The probable link between the breast cancer drug Herceptin and cardiac failure appears to lie in a direction interaction of the antibody with myocardial cells, according to research published in the April 30th issue of Nature Medicine. The same results may also explain why a common chemotherapy regimen including Herceptin is particularly toxic to patients.

Herceptin targets the protein Her2 (a human epidermal growth factor receptor), which is produced in excess in some aggressive breast cancer tumors. The new study shows that the mouse version of the receptor protein, called erbB2, is needed for proper myocardial cell function.

"It was possible that Herceptin triggered cardiac malfunction by a number of mechanisms, but now it appears that the drug's direct action on erbB2 is the culprit [in mice]," said Kuo-Fen Lee, senior author of the study.

Lee noted that it should be possible to engineer new generations of drugs that would have a significantly less deleterious effect on heart function. "To do that we need to know more about the role of erbB2 in both cancer and heart cells," he said.

In the study, researchers engineered mice that would stop making erbB2 after birth selectively in heart tissue in order to avoid the problem earlier researchers faced that mice lacking erbB2 completely would not come to term due to myriad developmental defects.

Hearts from mice ages one to six months displayed clear signs of cardiomyopathy similar to those observed in Herceptin-related cardiac dysfunction.

"The enlarged heart and impaired contraction of these erbB2 mutant mice point to an unsuspected cardioprotective role for the secreted protein, neuregulin, that stimulates this receptor," said co-author Ken Chien.

Other physiological measurements also indicated compromised cardiac function in the mice.
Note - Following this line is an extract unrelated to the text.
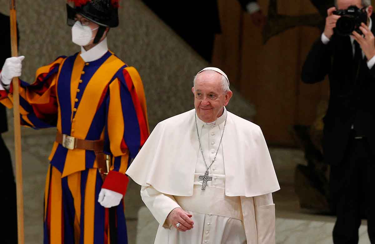 Pope Francis walks near a Swiss Guard as he arrives for his general audience in the Paul VI hall at the Vatican Feb. 9, 2022. (CNS photo/Paul Haring)

Myocardial cells were less elastic than normal and therefore less effective in contraction and relaxation.

In addition, the erbB2 mutant mice were more susceptible than their normal counterparts to stress. They were less able to recover from tightening of the aorta that resulted in hypertension.

Almost all women who receive Herceptin also receive or have received other chemotherapeutic drugs, particularly anthracyclines. Because concurrent Herceptin and anthracycline treatment increases cardiac dysfunction in patients, Lee and his colleagues examined the effects of anthracyclines on the erbB2 mutant mice.

They found that myocardial cells from the mutant mice were much more sensitive to adriamycin at drug levels resembling those in patients undergoing treatment. "Therefore, it appears that the loss of erbB2 function caused by Herceptin makes cardiac muscle more susceptible to anthracycline toxicity," said Lee.

"This mouse model will help us identify new mechanisms to protect patients from Herceptin cardiomyopathy and thereby allow more aggressive and early use of Herceptin for a broad range of human cancers," Chien said.